- EXERCISE AIM -
Using the listing below, copy exactly the lines from the one containing "Info & Care" to the one containing "榮耀中國·鉆石品牌,展辰榮獲", both lines included, and no others.

[[ DATA TO USE, beginning ]]

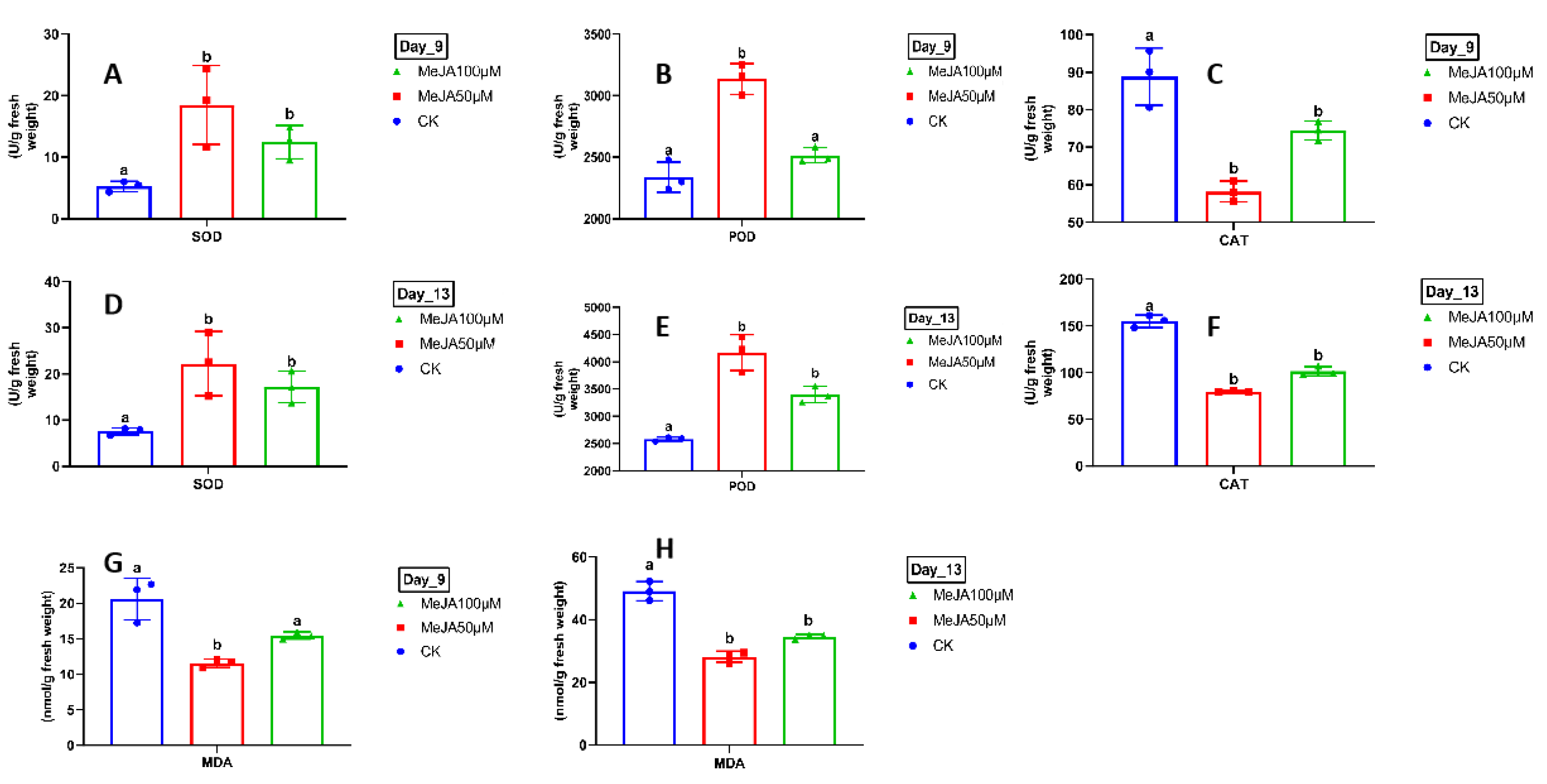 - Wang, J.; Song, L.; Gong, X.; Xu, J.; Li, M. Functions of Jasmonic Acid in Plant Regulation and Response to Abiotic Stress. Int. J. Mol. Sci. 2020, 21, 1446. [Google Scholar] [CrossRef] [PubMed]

[[ DATA TO USE, end ]]
[[ DATA TO USE, beginning ]]

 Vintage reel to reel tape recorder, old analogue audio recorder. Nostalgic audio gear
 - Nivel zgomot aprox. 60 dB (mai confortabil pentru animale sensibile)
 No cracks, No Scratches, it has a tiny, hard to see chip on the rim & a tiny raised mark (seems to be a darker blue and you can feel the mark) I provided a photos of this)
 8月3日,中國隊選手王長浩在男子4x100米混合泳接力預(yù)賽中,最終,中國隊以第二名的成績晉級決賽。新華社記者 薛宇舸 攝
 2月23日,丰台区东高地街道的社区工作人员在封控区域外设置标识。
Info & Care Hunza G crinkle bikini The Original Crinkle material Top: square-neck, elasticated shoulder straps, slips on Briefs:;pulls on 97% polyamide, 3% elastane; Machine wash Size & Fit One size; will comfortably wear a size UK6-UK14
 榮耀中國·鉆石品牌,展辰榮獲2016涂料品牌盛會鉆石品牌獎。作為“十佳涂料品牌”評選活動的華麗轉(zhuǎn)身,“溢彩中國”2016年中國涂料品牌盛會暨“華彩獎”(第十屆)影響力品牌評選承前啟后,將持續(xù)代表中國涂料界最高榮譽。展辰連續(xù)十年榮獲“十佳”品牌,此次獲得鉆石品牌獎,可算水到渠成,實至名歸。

[[ DATA TO USE, end ]]
[[ DATA TO USE, beginning ]]

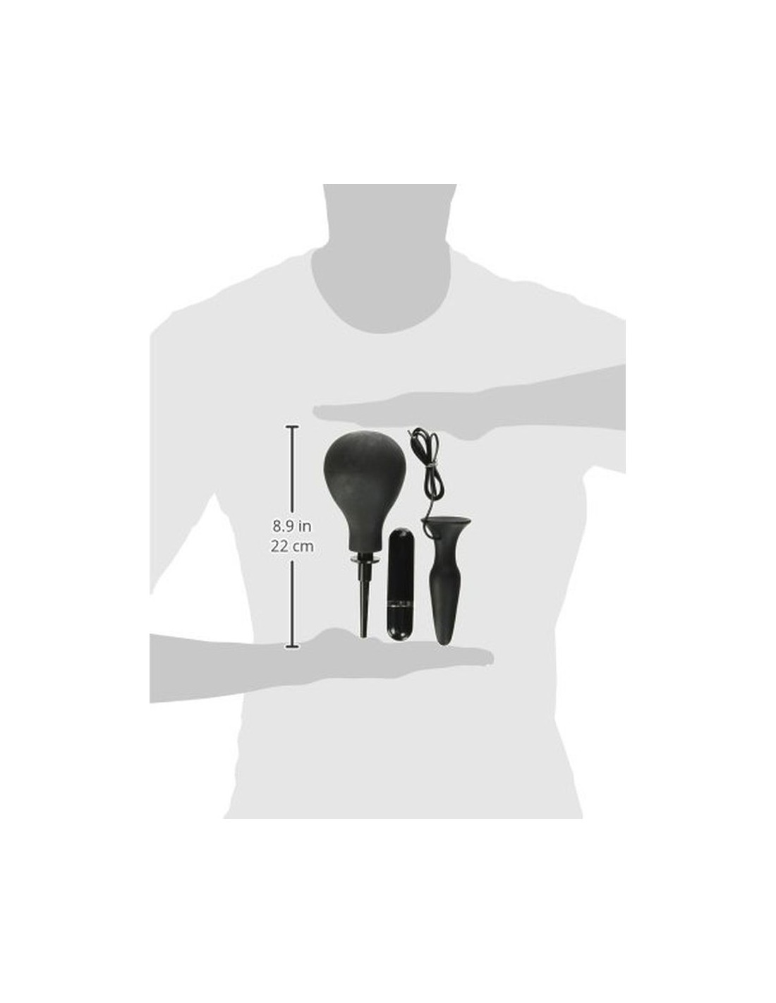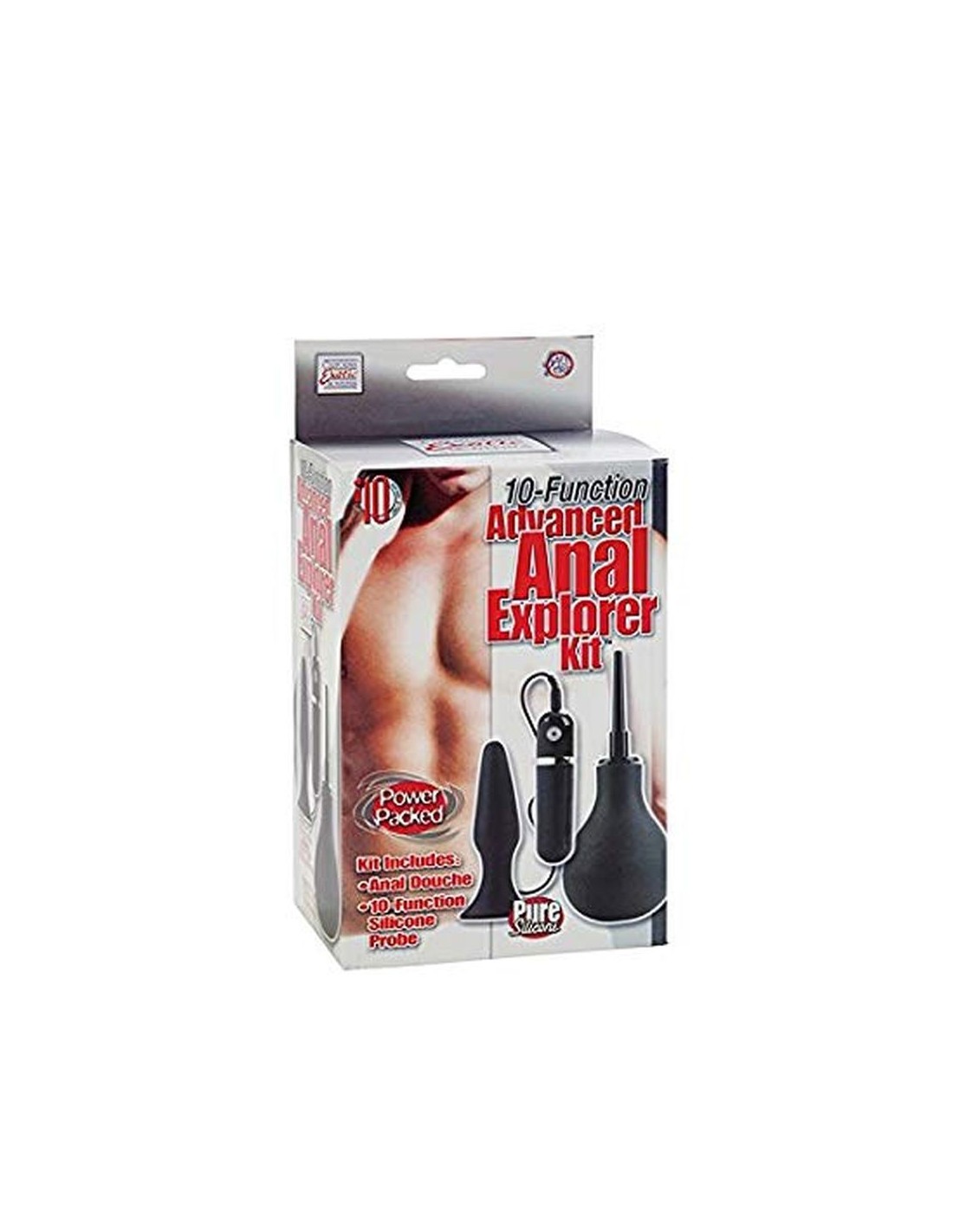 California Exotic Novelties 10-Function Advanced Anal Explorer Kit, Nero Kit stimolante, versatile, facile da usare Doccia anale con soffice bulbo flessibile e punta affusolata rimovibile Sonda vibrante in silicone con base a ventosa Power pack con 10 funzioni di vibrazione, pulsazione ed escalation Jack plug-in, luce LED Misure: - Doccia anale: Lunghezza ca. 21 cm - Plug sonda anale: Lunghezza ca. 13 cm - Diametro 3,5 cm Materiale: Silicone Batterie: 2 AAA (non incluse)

[[ DATA TO USE, end ]]

- TASK RESULT -
Info & Care Hunza G crinkle bikini The Original Crinkle material Top: square-neck, elasticated shoulder straps, slips on Briefs:;pulls on 97% polyamide, 3% elastane; Machine wash Size & Fit One size; will comfortably wear a size UK6-UK14
 榮耀中國·鉆石品牌,展辰榮獲2016涂料品牌盛會鉆石品牌獎。作為“十佳涂料品牌”評選活動的華麗轉(zhuǎn)身,“溢彩中國”2016年中國涂料品牌盛會暨“華彩獎”(第十屆)影響力品牌評選承前啟后,將持續(xù)代表中國涂料界最高榮譽。展辰連續(xù)十年榮獲“十佳”品牌,此次獲得鉆石品牌獎,可算水到渠成,實至名歸。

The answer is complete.